Exhibit 5.1
Skadden, Arps, Slate, Meagher & Flom LLP
Four Times Square
New York, New York 10036
(212) 735-3000
May 2, 2012
American Capital Agency Corp.
2 Bethesda Metro Center, 14th Floor
Bethesda, Maryland 20814
Re: | American Capital Agency Corp. Series A Preferred Stock Shelf Takedown |
Ladies and Gentlemen:
We have acted as special counsel to American Capital Agency Corp., a Delaware corporation (the “Company”), in connection with the Company's sale of 6,900,000 shares (the “Securities”) of the Company's 8.000% Series A Cumulative Redeemable Preferred Stock with a liquidation preference of $25.00 per share (the “Series A Preferred Stock”), a series of the Company's preferred stock with par value $0.01 per share (the “Preferred Stock”), pursuant to the Underwriting Agreement, dated March 29, 2012 (the “Underwriting Agreement”), by and among Citigroup Global Markets Inc., UBS Securities LLC and Wells Fargo Securities, LLC, as representatives of the several underwriters named therein, the Company and American Capital AGNC Management, LLC, a Delaware limited liability company and the manager of the Company.
This opinion is being delivered in accordance with the requirements of Item 601(b)(5) of Regulation S-K under the Securities Act of 1933 (the “Act”).
In connection with this opinion, we have examined originals or copies, certified or otherwise identified to our satisfaction, of (i) the Company's automatic shelf registration statement on Form S-3 (No. 333-170374) filed on November 4, 2010 by the Company with the Securities and Exchange Commission (the “Commission”) under the Act registering an indeterminate number of shares of the Company's common stock, par value $0.01 per share (the “Common Stock”) and Preferred Stock, (ii) the Amended and Restated Certificate of Incorporation of the Company, as certified by the Secretary of State of the State of Delaware (the “Certificate of Incorporation”), (iii) the Certificate of Designations for the Series A Preferred Stock filed with the Secretary of State of the State of Delaware on April 2, 2012 (the “Certificate of Designations”), as certified by the Secretary of State of the State of Delaware, (iv) the amendment to the Certificate of Incorporation filed with the Secretary of State of the State of Delaware on May 1, 2012, as certified by the Secretary of State of the State of Delaware (the “Amendment”), (v) the Second Amended and Restated By-laws of the Company, as amended and currently in effect, (vi) the Certificate of the Executive Vice President and Secretary, dated the date hereof, certifying the adoption by the Company's stockholders of the Amendment at the annual meeting of the stockholders held on May 1, 2012 and (vii) certain resolutions of the board of directors of the Company and a duly authorized committee and subcommittee thereof, relating to the registration and sale of the Securities and the reservation of 11,799,000 shares of Common Stock issuable upon conversion of the Securities pursuant to the Certificate of Designations (the “Common Shares”), subject to adjustments as provided therein.
We have also examined originals or copies, certified or otherwise identified to our satisfaction, of such records of the Company, and such agreements, certificates and receipts of public officials, certificates of officers or other representatives of the Company and others, and such other documents, certificates and records as we have deemed necessary or appropriate as a basis for the opinions set forth herein.
In our examination, we have assumed the legal capacity of all natural persons, the genuineness of all signatures, including endorsements, the authenticity of all documents submitted to us as originals, the conformity to original documents of all documents submitted to us as facsimile, electronic, certified, conformed or photostatic copies and the authenticity of the originals of such copies.

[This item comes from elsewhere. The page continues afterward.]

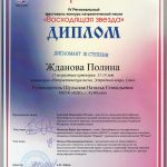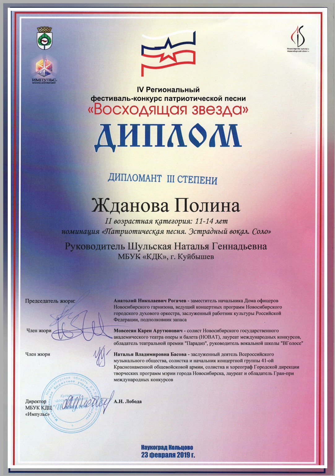 23 февраля 2019 года в наукограде Кольцово состоялся IV Региональный фестиваль -конкурс патриотической песни «Восходящая звезда». Конкурс проводился в целях обогащения и популяризации отечественного песенного творчества гражданской, военной и патриотической тематики, возрождения и сохранения национальных духовных и культурных традиций, преемственности и связи поколений. Учредители и организатора мероприятия — Министерство культуры Новосибирской области, Администрация наукограда Кольцово, Муниципальное бюджетное учреждение культуры Культурно-досуговый центр «Импульс» наукограда Кольцово. Город Куйбышев на фестивале-конкурсе «Восходящая звезда» представляла участница студии эстрадного вокала «Ассоль» МБУК «КДК» Полина Жданова (руководитель Шульская Н.Г.). По итогам конкурса Полина была стала дипломантом III степени. Это был её первый опыт индивидуального участия в выездном конкурсе. От всей души поздравляем Полину, пусть ей всегда и во всем сопутствует удача и вдохновение!

In making our examination of documents executed or to be executed, we have assumed that the parties thereto, other than the Company, had or will have the power, corporate or other, to enter into and perform all obligations thereunder and have also assumed the due authorization by all requisite action, corporate or other, and the execution and
delivery by such parties of such documents, and the validity and binding effect thereof on such parties. As to any facts material to the opinions expressed herein that we have not independently established or verified, we have relied upon oral or written statements and representations of officers and other representatives of the Company and others.
We do not express any opinion with respect to the laws of any jurisdiction other than the General Corporation Law of the State of Delaware (the “DGCL”).

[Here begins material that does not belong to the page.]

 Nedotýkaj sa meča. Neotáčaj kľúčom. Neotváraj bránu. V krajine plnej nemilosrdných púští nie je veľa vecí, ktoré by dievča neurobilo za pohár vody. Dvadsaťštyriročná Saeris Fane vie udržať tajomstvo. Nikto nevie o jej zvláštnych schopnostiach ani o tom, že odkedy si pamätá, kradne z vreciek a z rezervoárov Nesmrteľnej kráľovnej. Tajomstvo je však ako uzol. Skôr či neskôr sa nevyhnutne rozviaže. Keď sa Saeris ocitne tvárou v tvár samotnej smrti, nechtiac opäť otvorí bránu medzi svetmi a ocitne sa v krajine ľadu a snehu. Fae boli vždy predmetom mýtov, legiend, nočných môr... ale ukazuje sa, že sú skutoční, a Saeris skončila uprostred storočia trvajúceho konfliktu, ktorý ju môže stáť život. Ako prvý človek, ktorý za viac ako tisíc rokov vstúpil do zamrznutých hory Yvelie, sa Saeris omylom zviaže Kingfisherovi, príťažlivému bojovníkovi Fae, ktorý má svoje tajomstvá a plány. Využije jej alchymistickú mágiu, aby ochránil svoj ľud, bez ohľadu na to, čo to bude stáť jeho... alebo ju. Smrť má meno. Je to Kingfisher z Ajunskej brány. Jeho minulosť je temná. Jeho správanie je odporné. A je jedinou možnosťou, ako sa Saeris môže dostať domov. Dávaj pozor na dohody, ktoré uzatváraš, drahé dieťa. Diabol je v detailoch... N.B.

Based upon and subject to the foregoing and to the limitations, qualifications, exceptions and assumptions set forth herein, we are of the opinion that the Common Shares have been duly authorized by all requisite corporate action on the part of the Company under the DGCL and, when issued upon conversion of the Securities in accordance with the terms of the Certificate of Designations, will be validly issued, fully paid and nonassessable.

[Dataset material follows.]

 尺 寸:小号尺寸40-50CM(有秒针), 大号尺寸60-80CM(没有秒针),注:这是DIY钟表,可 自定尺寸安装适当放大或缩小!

We hereby consent to the filing of this opinion with the Commission. In giving this consent, we do not thereby admit that we are within the category of persons whose consent is required under Section 7 of the Act or the rules and regulations of the Commission promulgated thereunder. This opinion is expressed as of the date hereof unless otherwise expressly stated, and we disclaim any undertaking to advise you of any subsequent changes in the facts stated or assumed herein or of any subsequent changes in applicable laws.